Using the records that follow, reproduce exactly the lines starting at the line containing "井上ら(1)はは3種類の2軸" and ending at the line containing "ココの喫煙所、中庭になっていて、料亭のような建物を眺めながらくつろげる。". Include both end lines and no pictures.

[[ Supplied data open ]]

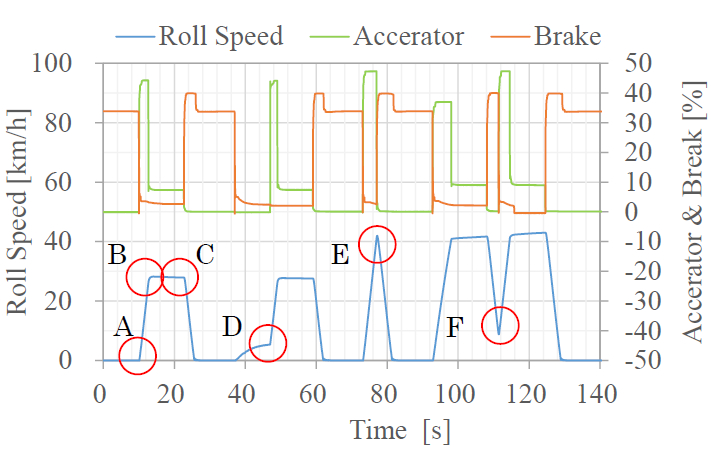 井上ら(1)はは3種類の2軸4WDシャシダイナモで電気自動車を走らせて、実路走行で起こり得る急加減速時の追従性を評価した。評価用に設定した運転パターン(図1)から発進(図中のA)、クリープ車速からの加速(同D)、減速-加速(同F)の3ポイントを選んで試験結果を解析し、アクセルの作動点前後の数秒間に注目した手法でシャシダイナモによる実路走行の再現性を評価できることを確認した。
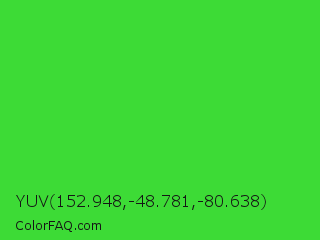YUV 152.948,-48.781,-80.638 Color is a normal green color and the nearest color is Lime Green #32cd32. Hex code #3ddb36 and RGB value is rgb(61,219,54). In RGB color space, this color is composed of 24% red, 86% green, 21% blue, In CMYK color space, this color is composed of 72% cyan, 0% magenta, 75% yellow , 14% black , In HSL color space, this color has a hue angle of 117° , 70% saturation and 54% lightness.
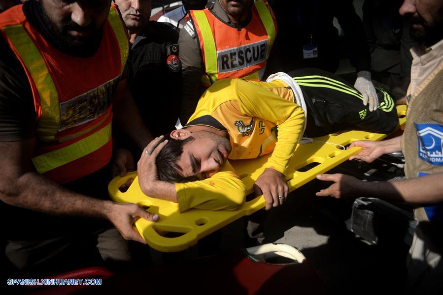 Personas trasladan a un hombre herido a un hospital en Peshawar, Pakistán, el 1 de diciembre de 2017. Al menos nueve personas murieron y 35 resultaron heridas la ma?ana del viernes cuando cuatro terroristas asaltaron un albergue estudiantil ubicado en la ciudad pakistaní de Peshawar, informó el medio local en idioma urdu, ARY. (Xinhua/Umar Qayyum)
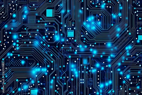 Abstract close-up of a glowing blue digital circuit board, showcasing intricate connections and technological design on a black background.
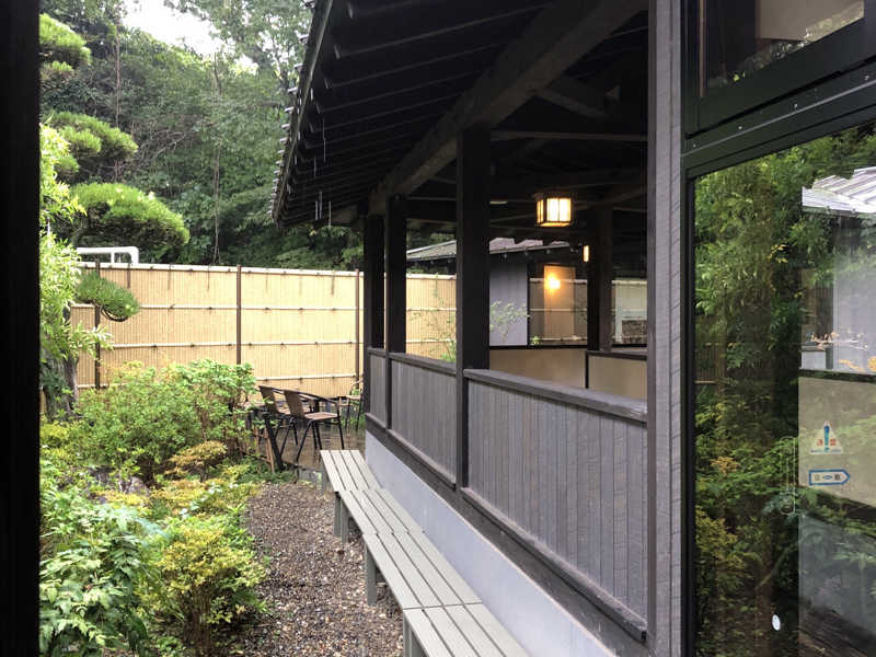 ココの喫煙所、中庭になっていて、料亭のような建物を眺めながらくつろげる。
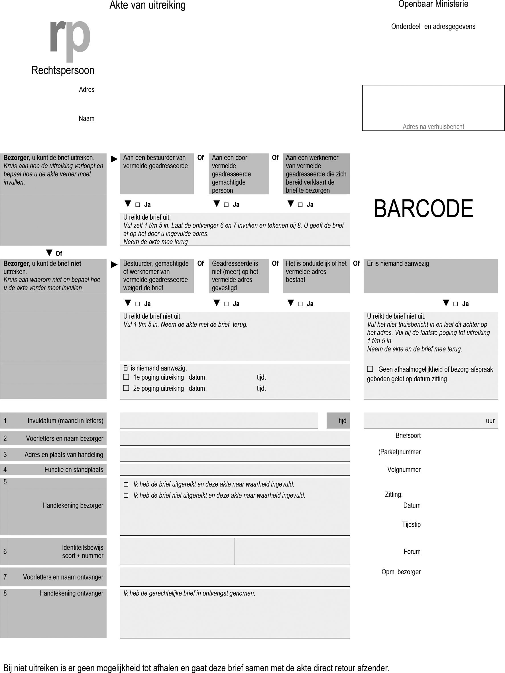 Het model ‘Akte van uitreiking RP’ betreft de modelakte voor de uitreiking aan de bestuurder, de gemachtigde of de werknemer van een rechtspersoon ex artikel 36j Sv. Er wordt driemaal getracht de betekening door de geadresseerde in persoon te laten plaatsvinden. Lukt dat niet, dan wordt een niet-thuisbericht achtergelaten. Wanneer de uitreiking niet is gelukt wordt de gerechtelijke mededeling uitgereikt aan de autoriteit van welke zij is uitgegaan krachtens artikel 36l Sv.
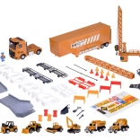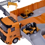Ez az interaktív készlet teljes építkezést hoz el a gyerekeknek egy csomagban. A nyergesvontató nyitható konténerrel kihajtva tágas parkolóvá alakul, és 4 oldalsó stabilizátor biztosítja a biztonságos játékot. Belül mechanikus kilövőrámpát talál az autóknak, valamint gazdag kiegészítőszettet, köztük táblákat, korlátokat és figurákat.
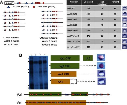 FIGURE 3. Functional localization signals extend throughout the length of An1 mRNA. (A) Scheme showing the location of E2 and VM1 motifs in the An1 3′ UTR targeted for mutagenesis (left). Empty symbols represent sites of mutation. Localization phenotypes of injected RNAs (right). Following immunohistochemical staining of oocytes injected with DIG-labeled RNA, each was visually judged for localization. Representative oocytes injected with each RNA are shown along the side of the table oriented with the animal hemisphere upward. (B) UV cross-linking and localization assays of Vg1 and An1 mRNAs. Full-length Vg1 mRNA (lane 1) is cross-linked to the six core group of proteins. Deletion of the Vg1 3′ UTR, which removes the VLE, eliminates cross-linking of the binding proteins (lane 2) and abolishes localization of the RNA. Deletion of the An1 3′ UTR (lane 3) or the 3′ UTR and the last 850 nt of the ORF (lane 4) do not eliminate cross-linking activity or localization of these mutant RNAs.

[[ Supplied data closed ]]
[[ Supplied data open ]]

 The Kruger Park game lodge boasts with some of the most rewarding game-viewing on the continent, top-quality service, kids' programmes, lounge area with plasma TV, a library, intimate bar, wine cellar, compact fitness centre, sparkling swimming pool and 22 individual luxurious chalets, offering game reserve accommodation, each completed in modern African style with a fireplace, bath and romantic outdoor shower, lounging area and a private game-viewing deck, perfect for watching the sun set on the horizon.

[[ Supplied data closed ]]
[[ Supplied data open ]]

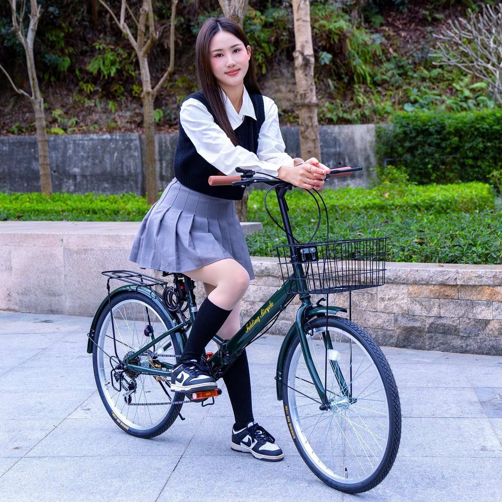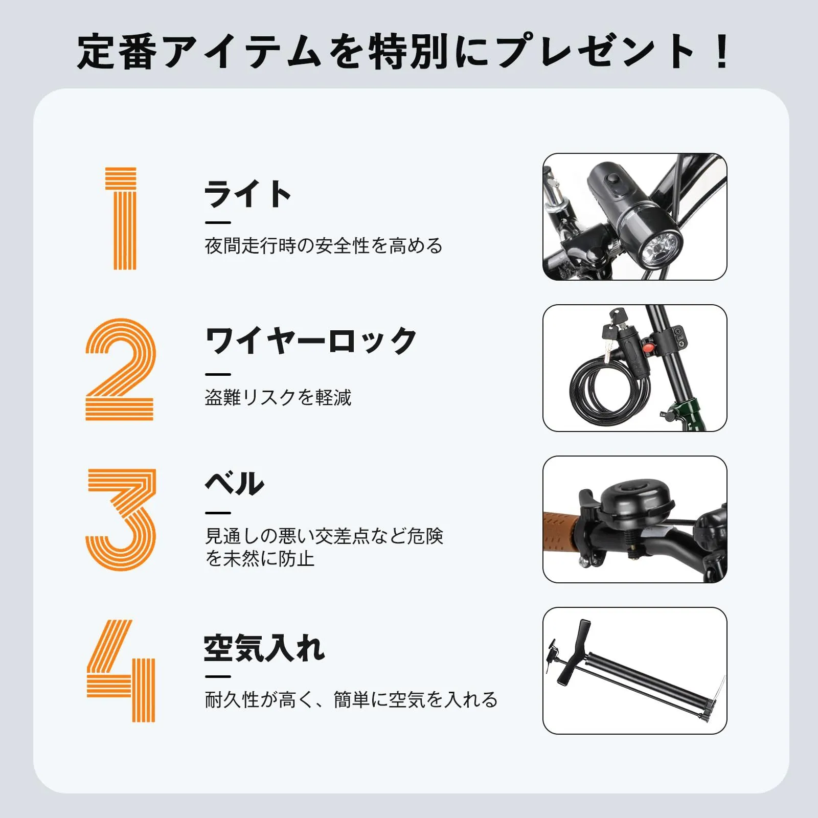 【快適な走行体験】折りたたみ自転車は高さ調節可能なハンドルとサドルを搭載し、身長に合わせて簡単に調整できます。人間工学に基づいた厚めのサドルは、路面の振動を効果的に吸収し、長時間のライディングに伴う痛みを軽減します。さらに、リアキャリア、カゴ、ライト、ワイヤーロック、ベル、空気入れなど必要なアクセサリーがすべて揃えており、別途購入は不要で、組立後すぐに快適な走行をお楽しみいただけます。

[[ Supplied data closed ]]

▸ Answer area
 井上ら(1)はは3種類の2軸4WDシャシダイナモで電気自動車を走らせて、実路走行で起こり得る急加減速時の追従性を評価した。評価用に設定した運転パターン(図1)から発進(図中のA)、クリープ車速からの加速(同D)、減速-加速(同F)の3ポイントを選んで試験結果を解析し、アクセルの作動点前後の数秒間に注目した手法でシャシダイナモによる実路走行の再現性を評価できることを確認した。
YUV 152.948,-48.781,-80.638 Color is a normal green color and the nearest color is Lime Green #32cd32. Hex code #3ddb36 and RGB value is rgb(61,219,54). In RGB color space, this color is composed of 24% red, 86% green, 21% blue, In CMYK color space, this color is composed of 72% cyan, 0% magenta, 75% yellow , 14% black , In HSL color space, this color has a hue angle of 117° , 70% saturation and 54% lightness.
 Personas trasladan a un hombre herido a un hospital en Peshawar, Pakistán, el 1 de diciembre de 2017. Al menos nueve personas murieron y 35 resultaron heridas la ma?ana del viernes cuando cuatro terroristas asaltaron un albergue estudiantil ubicado en la ciudad pakistaní de Peshawar, informó el medio local en idioma urdu, ARY. (Xinhua/Umar Qayyum)
 Abstract close-up of a glowing blue digital circuit board, showcasing intricate connections and technological design on a black background.
 ココの喫煙所、中庭になっていて、料亭のような建物を眺めながらくつろげる。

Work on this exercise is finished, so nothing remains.